Donders Institute for Brain, Cognition and Behaviour
Zoek in de site...

Thesis defense Lieke van Lieshout (Donders series 487)

9 June 2021

Promotors: prof. dr. Roshan Cools, prof. dr. Floris P. de Lange


Why so curious? The cognitive and neural mechanisms of information seeking

Humans are curious by nature and we spend an enormous amount of time seeking information. Think for example about how many times we check our smartphones to see what is going on in the world around us. We can even be curious about information when it does not serve any obvious immediate purpose. The current thesis focuses on the cognitive and neural mechanisms of this so-called “non-instrumental curiosity”. The results of this thesis indicate that we are particularly curious when uncertainty is high and information provides us with a substantial update of what we know. Besides that, we are more curious when information is positive than when information is negative. This suggests that curiosity follows from multiple drives, including a drive to reduce uncertainty (knowing), as well as, separately, a drive to maximize positive information (savouring).
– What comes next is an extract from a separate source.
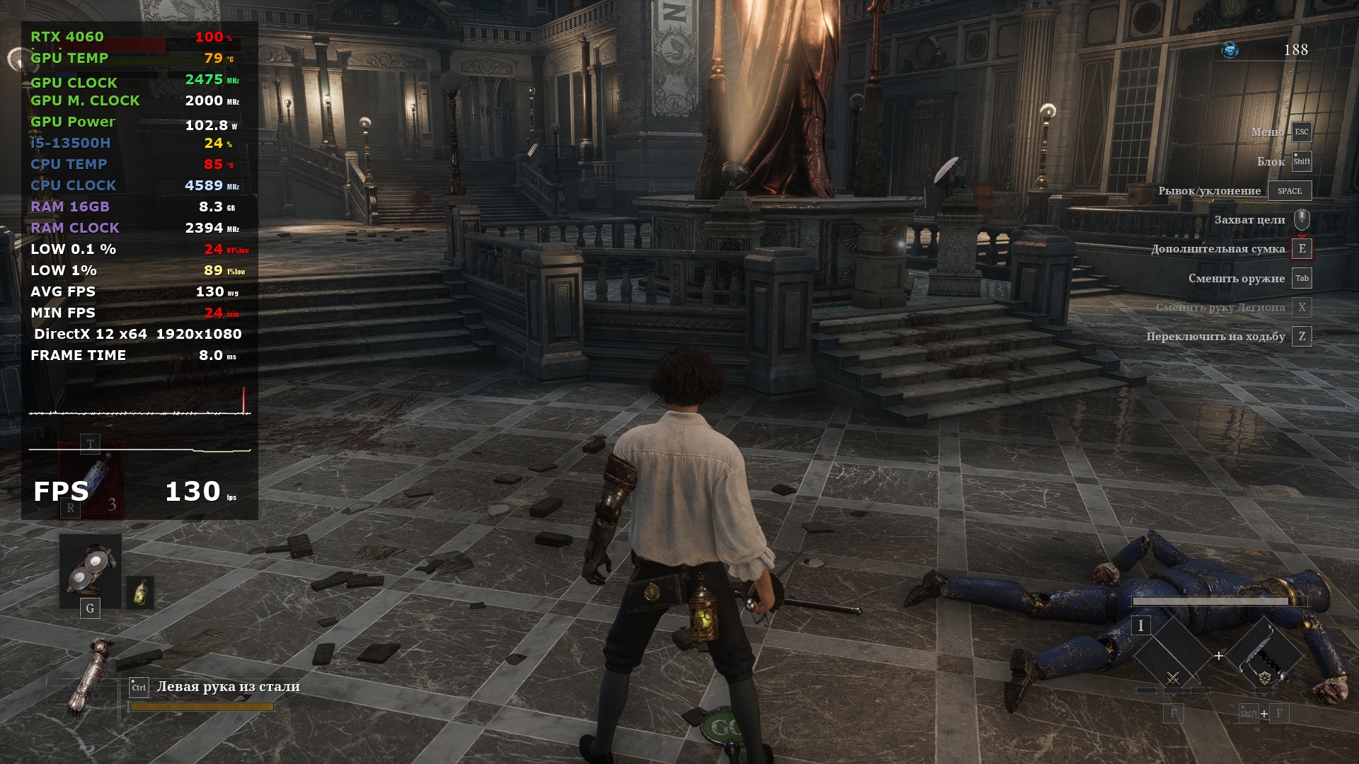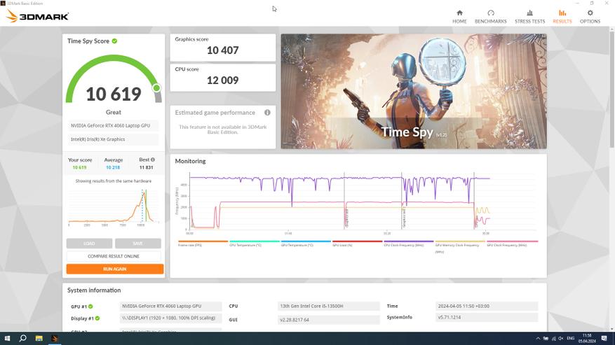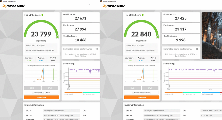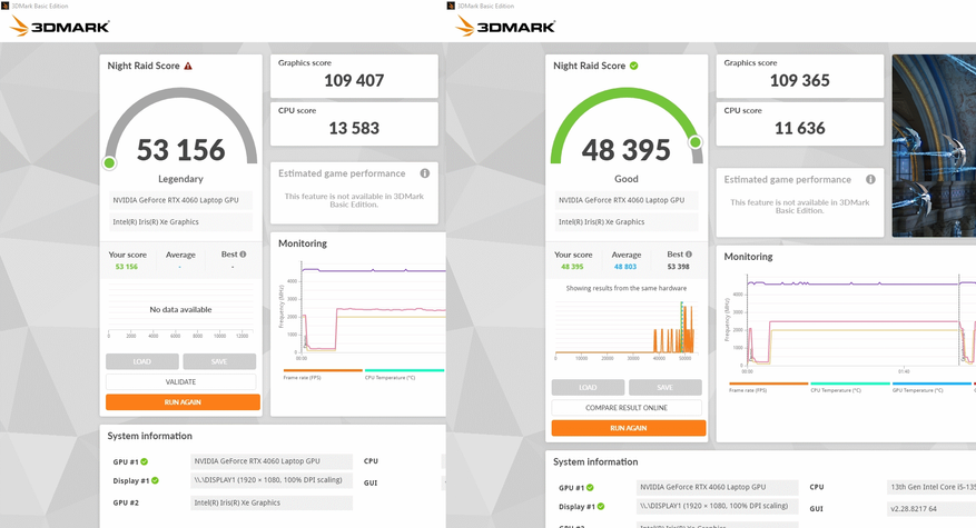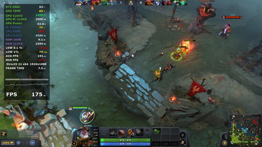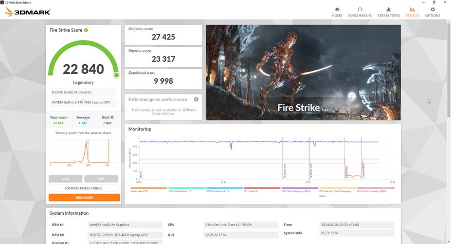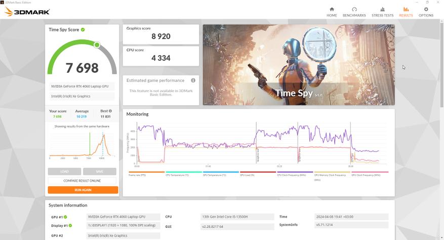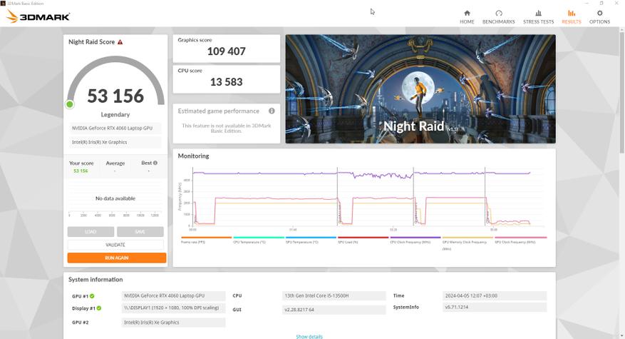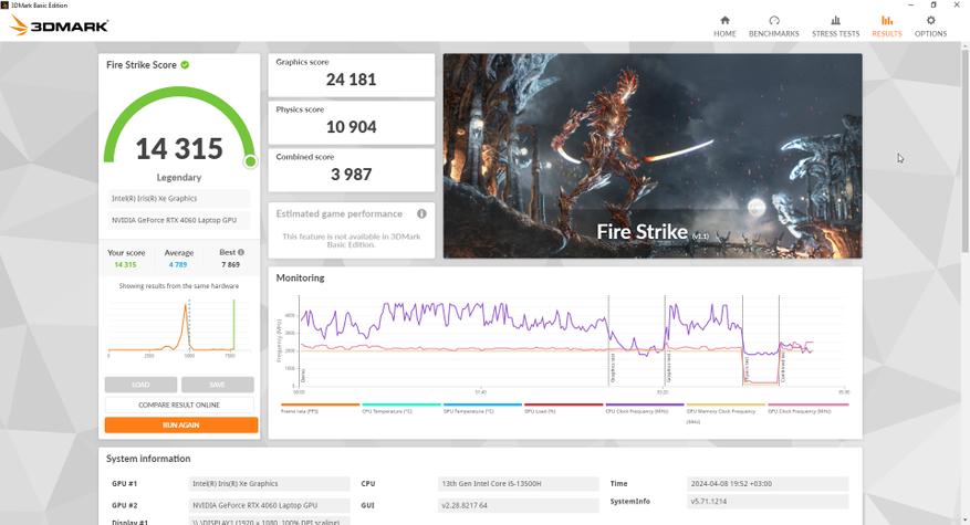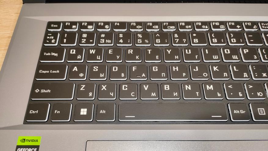 За обработку графики и как по итогу за результаты тестов в играх отвечает Nvidia RTX 4060 с 8 ГБ собственной памяти, а ядро работает на частоте до 2,5 ГГц. Она уже знакома опять же по предыдущему ноутбуку компании, но тогда она работала в связке Core i7-13700H. В этот раз процессор на уровень ниже и от того интересно, как повлияет этот момент, тем более, разрешение экрана то же самое. Отличается и память, теперь это DDR5, но с частотой 4800 МГц, которая очень близка по производительности к DDR4 3200 в L15.
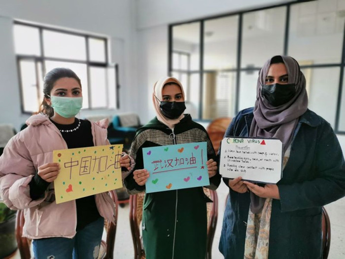 2月4日,山西医科大学留学生石芸(MARVA ASHIQ)和她的姐妹为中国和武汉写“加油”标语。(采访对象供图)

This distinction is further underlined by the notion that the curiosity-triggering state of uncertainty is aversive, since we found that people were more curious but less happy when uncertainty was higher. Using fMRI, we showed that curiosity is implicated in brain areas that are involved in attention-related processes and brain areas involved in reward processing. However, we found no convincing evidence that curiosity could be related to activity in some of the key reward-related areas (such as the ventral striatum). Also individual differences in curiosity could not be related to dopamine synthesis capacity in the ventral striatum. These results contribute to our knowledge about why we are curious about information, even without obvious purpose.